September 11, 2019
Partner Catherine Brennan comments for Bloomberg on CFPB's new rules to boost fintech innovation
On September 10, Bloomberg Law reported that the Consumer Financial Protection Bureau (CFPB) unveiled its new policies for providing no-action letters, a "compliance assistance sandbox" and a trial disclosure program which intend to give fintech companies and banks room to develop new products. Like the Office of the Comptroller of the Currency's (OCC) call for applications for special purpose national bank charters for fintechs, the CFPB's new policies could face legal scrutiny, according to Hudson Cook Partner Catherine Brennan. "The bureau is trying to set out the case for its policies, because it no doubt is going to be sued by consumer groups or state attorneys general," she said.
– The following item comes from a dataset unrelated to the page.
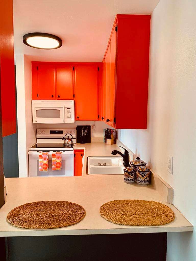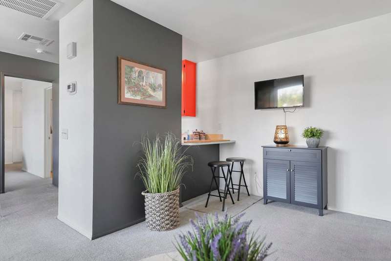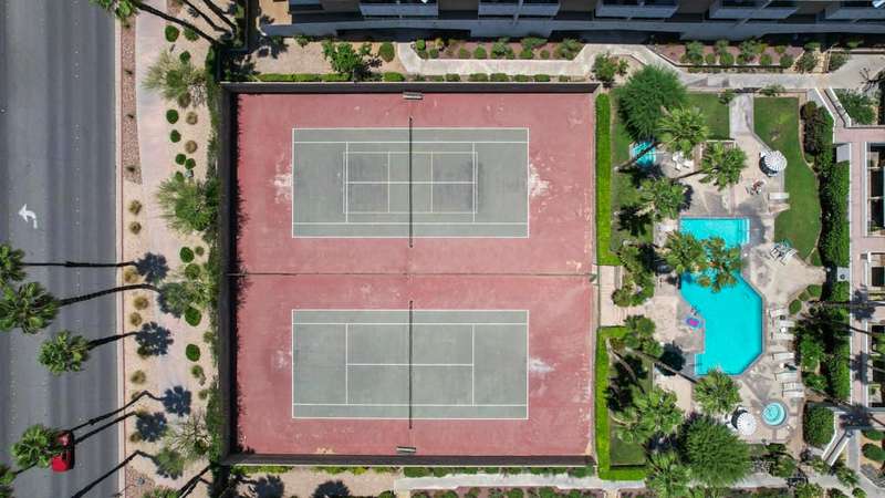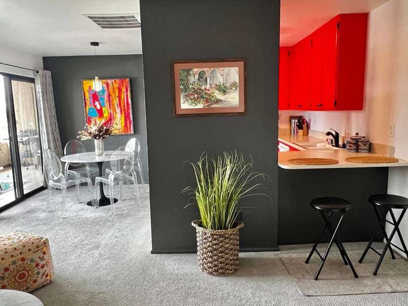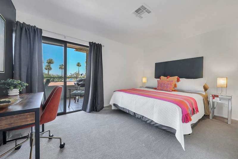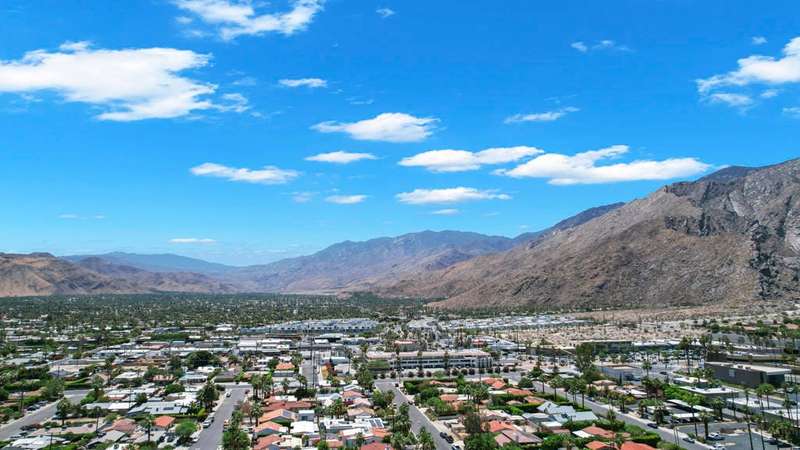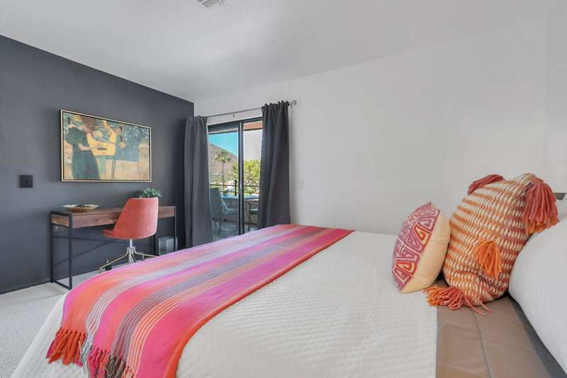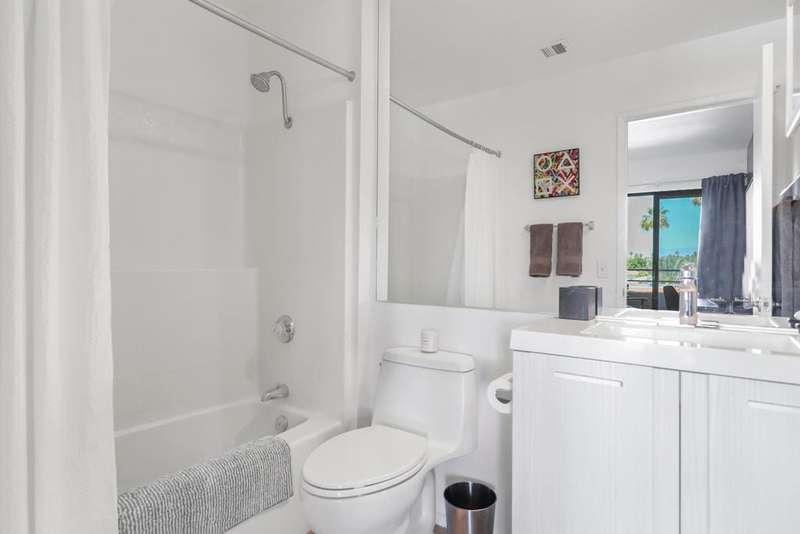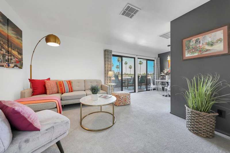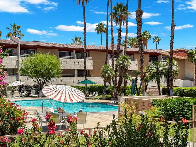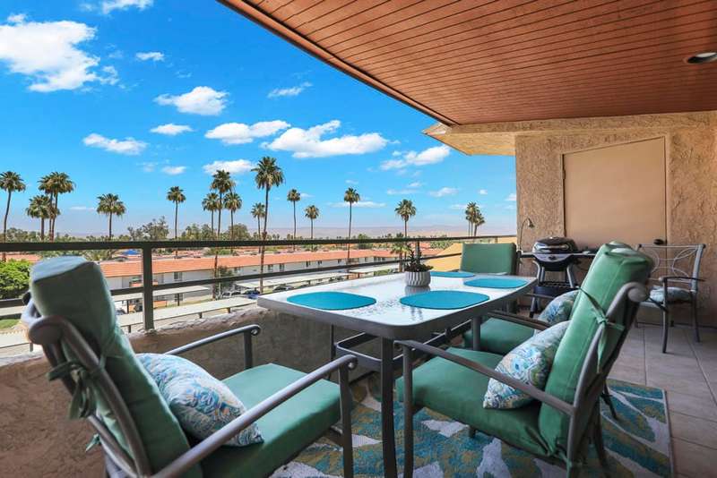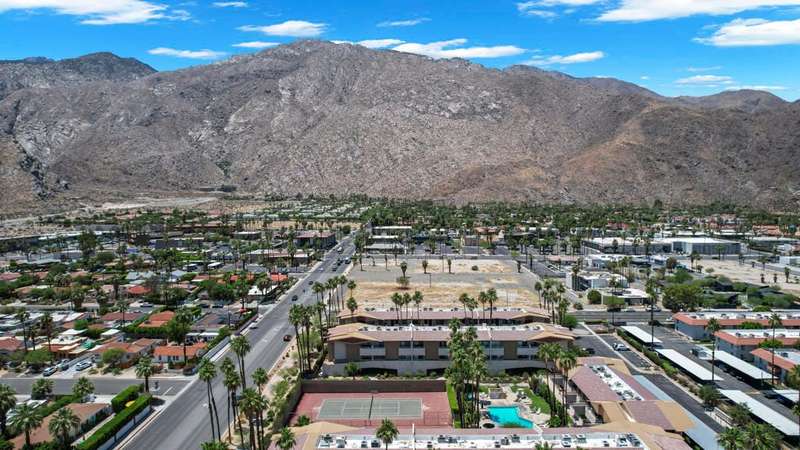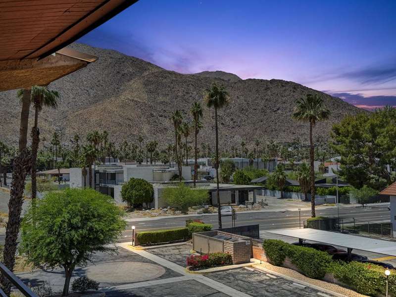 ''Biarritz' top floor view 1 bed/1 bath end unit is sold turnkey furnished, including new linens and new appliances with a 3-year warranty. With cheerful and bright decor and artwork, it can easily serve as a weekend destination, short term or longer rental investment, or full-time residence. The unit has a large and spacious deck, accessible from both the family room and bedroom, with a 180 degree view of mountains by day and city lights by night. The deck includes both dining and lounge furnishings, as well as 2 large storage closets and barbecue. Biarritz amenities include a large swimming pool, 2 spas, 2 tennis courts, secured bike storage, laundry rooms, and assigned covered parking spaces. Just moments from Palm Springs central downtown vibe, offering retail shopping, culinary diversity, local and international art, and weekly Street Fair fun!You can enjoy it all!!

According to Bloomberg, to blunt the threat of action from state attorneys general, the CFPB announced a partnership with the attorneys general of Alabama, Arizona, Georgia, Indiana, Tennessee, South Carolina and Utah. Big states like California, Massachusetts, New York and Pennsylvania could potentially bring lawsuits. Even if there is no challenge to the sandbox policy, the mere threat could leave companies afraid to have their projects bottled up. "Companies that have been operating with some uncertainty will probably continue to do that," added Catherine.
Catherine assists national and state banks, investment banks, consumer and commercial finance companies, mortgage bankers, installment lenders and other licensed lenders in the development and maintenance of nationwide consumer and commercial lending programs. She engages in credit due diligence on behalf of investors in fintech firms, bank partnership platforms, small business lenders, merchant cash advance companies, consumer finance companies, title loan companies and payday lenders.